Der einflussreichste Bewohner der Neuzeit war Erzherzog Franz Ferdinand von Österreich. Der Thronfolger machte das Obere Belvedere zu seiner offiziellen Residenz und politischen Kommandozentrale. Unter seiner Leitung wurde der Palast durch die Installation von Elektrizität und Heizungssystemen modernisiert. Der Erzherzog lebte dort mit seiner Frau Sophie Chotek und ihren Kindern bis 1914. Seine Ermordung in Sarajevo, die den Ersten Weltkrieg auslöste, beendete abrupt die Wohnfunktion des Palastes. Nach dem Konflikt verwandelte die neue republikanische Regierung den gesamten Komplex in ein Nationalmuseum.
Die moderne Geschichte des Belvedere ist mit der Konsolidierung der Österreichischen Galerie Belvedere verbunden. Im Jahr 1903 öffnete das Untere Belvedere als „Moderne Galerie“ seine Pforten und wurde zur ersten staatlichen Institution, die sich ausschließlich der zeitgenössischen Kunst widmete. Nach dem Ende des Ersten Weltkriegs 1918 wurde das Obere Belvedere vollständig in das Museum integriert und ermöglichte eine chronologische Ausstellung, die vom Mittelalter bis zur Gegenwart reichte.
Das Museum ist weltberühmt für die größte Sammlung von Werken Gustav Klimts, darunter sein ikonischstes Gemälde, „Der Kuss“. Die Sammlung zeichnet sich auch durch die expressionistischen Werke von Egon Schiele und Oskar Kokoschka aus. , sondern auch eine wichtige politische Bühne.
1955 war der Marmorsaal der gewählte Ort für die Unterzeichnung des österreichischen Staatsvertrags, der Österreich nach der Besetzung durch die Alliierten im Zweiten Weltkrieg die Souveränität zurückgab.
Ein kritisches Kapitel in der Verwaltung der Österreichischen Galerie Belvedere ist die Geschichte der von den Nazis geraubten Kunst. Während des Krieges wurden zahlreiche Werke von jüdischen Sammlern beschlagnahmt und landeten in den Sälen des Belvedere. Der emblematischste Fall war Klimts „Porträt von Adele Bloch-Bauer I“, das Gegenstand eines internationalen Rechtsstreits unter der Leitung von Maria Altmann war. Nach einem Schiedsverfahren im Jahr 2006 wurde das Werk an seine rechtmäßigen Erben zurückgegeben.
Ein weiterer höchst relevanter Fall war Egon Schieles „Porträt von Wally“. Dieses Werk gehörte ursprünglich der Galeristin Lea Bondi Jaray, von der es der Nazi-Sammler Friedrich Welz gestohlen hatte. Später wurde das Werk Teil der Rudolf-Leopold-Sammlung und war Gegenstand eines langwierigen Rechtsstreits vor den Gerichten der Vereinigten Staaten.

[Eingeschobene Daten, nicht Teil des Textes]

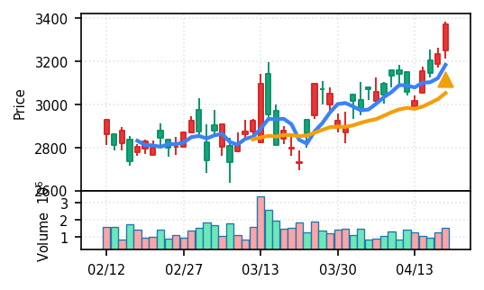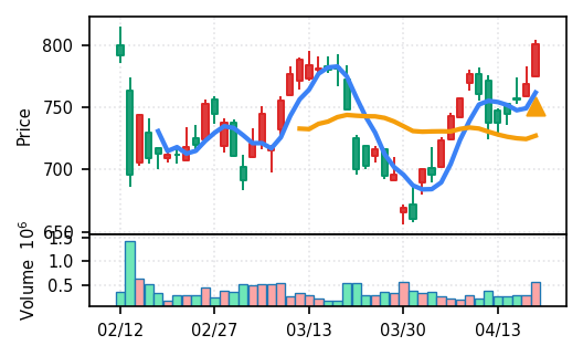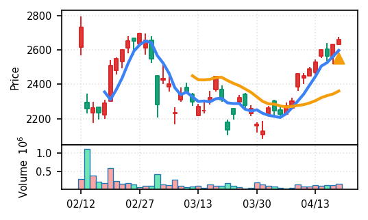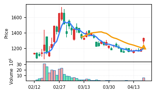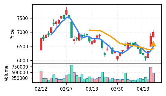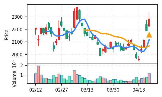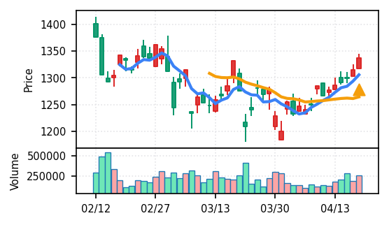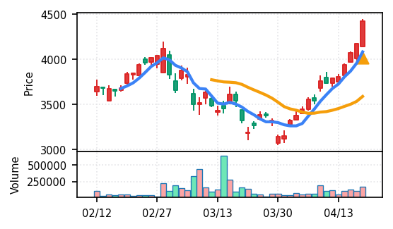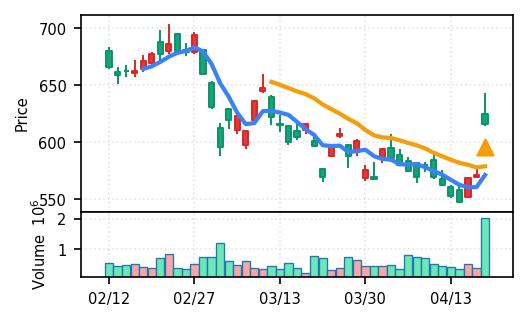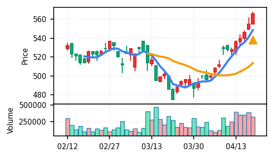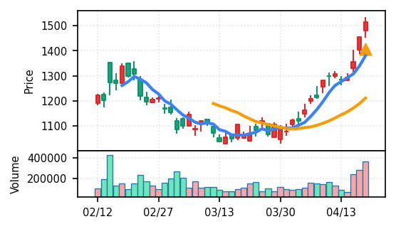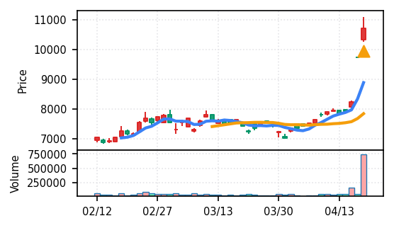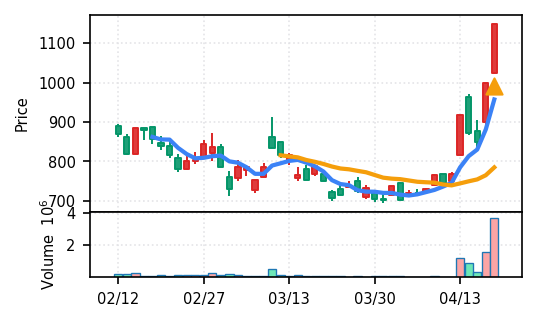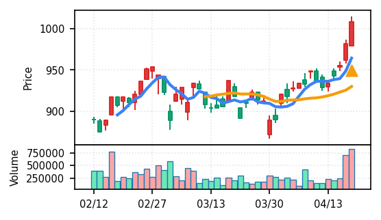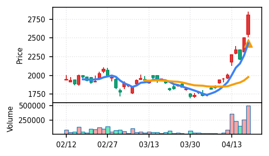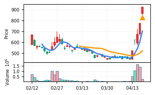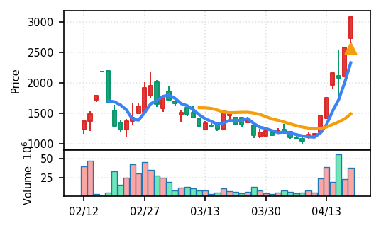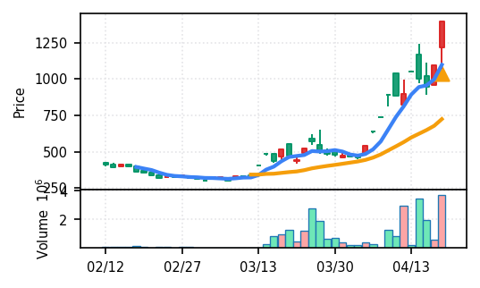- スコア0.915、VolZ 8.0σ、引け足0.97。スコア2位でありながら出来高も通常の8倍。ブレイク達成、上昇トレンド形成。

Diese Restitutionsprozesse haben die Österreichische Galerie Belvedere gezwungen, die Herkunft ihrer Bestände gründlich zu erforschen, um eine ethische Transparenz ihrer Ausstellungen zu gewährleisten.
Derzeit fungiert das Schloss Belvedere als hochkarätiger Museumskomplex unter dem offiziellen Namen Österreichische Galerie Belvedere. Sein Hauptzweck ist die Erhaltung, Erforschung und Ausstellung des österreichischen künstlerischen Erbes in einem internationalen Kontext. Der Komplex ist in drei Bereiche mit spezifischen Funktionen unterteilt:
Beherbergt die ständige Sammlung. Hier zeigt das Museum Meisterwerke von Gustav Klimt und grundlegende Kunstwerke aus dem 15. bis 20. Jahrhundert. Seine Funktion ist vor allem pädagogisch und touristisch.

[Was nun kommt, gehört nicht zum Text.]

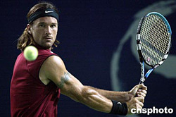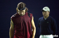 中國(guó)網(wǎng)球公開(kāi)賽男單比賽九月十五日晚在北京網(wǎng)球中心中央球場(chǎng)繼續(xù)進(jìn)行,賽會(huì)頭號(hào)種子西班牙名將莫亞以零比二不敵法國(guó)選手特松加,爆出本屆中國(guó)網(wǎng)球公開(kāi)賽最大冷門,無(wú)緣晉級(jí)下一輪。中新社記者:盛佳鵬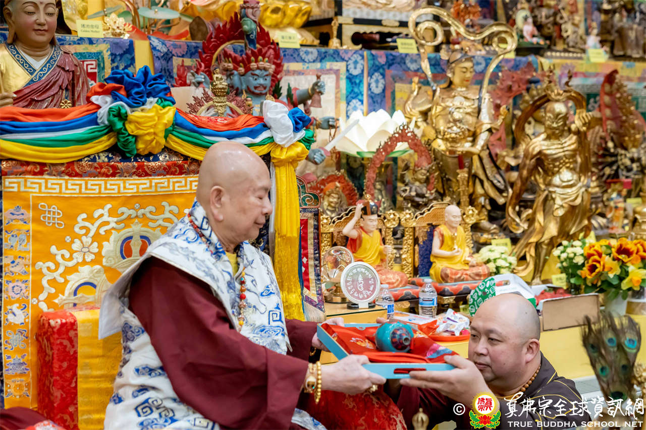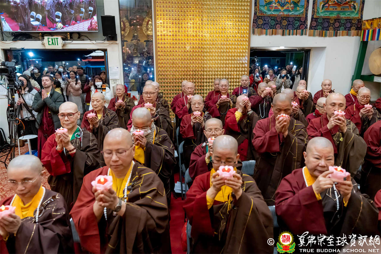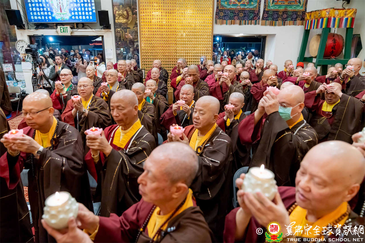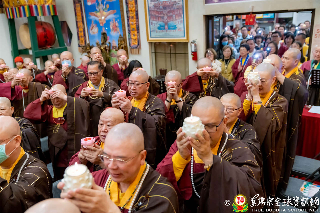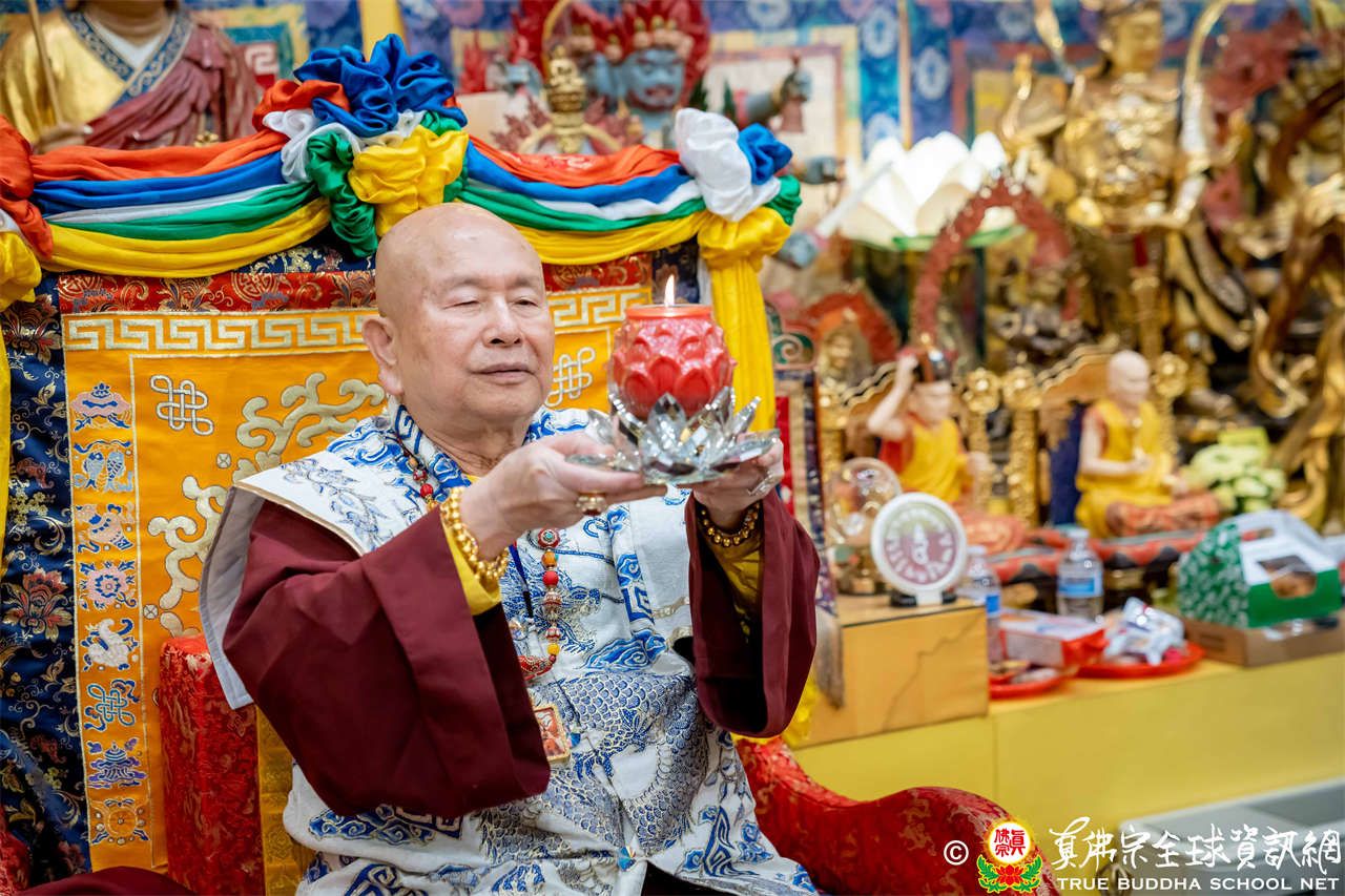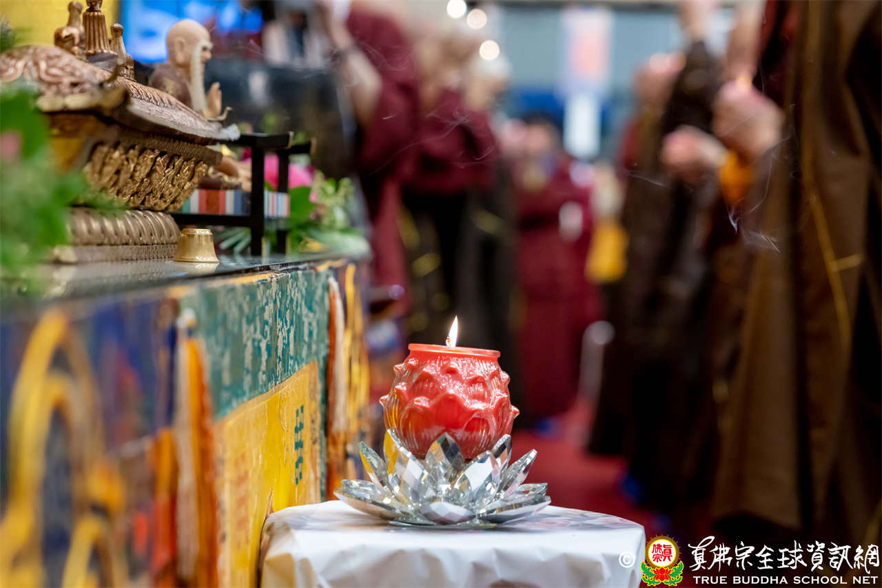 接著,進行莊嚴隆重的傳燈儀式,根本上師點亮大眾的心燈,然後大眾唱請佛住世祈願文、供養僧眾、唱宗歌「感恩真佛」。

Nur wenige Meter vom Hauptpark entfernt befindet sich dieses Gebäude, dem Film und der jüngsten österreichischen Architektur gewidmet ist.
Neben seiner Museumsfunktion ist das Belvedere auch ein öffentlicher Erholungsraum. Die meisten der barocken Gärten sind frei zugänglich und stellen eine wichtige grüne Lunge für die Stadt Wien dar. Das Schloss ist auch ein Zentrum für akademische Forschung und verfügt über eine der umfangreichsten Kunstbibliotheken Europas, die dem Studium der Avantgardebewegungen und der mitteleuropäischen Kunstgeschichte gewidmet ist.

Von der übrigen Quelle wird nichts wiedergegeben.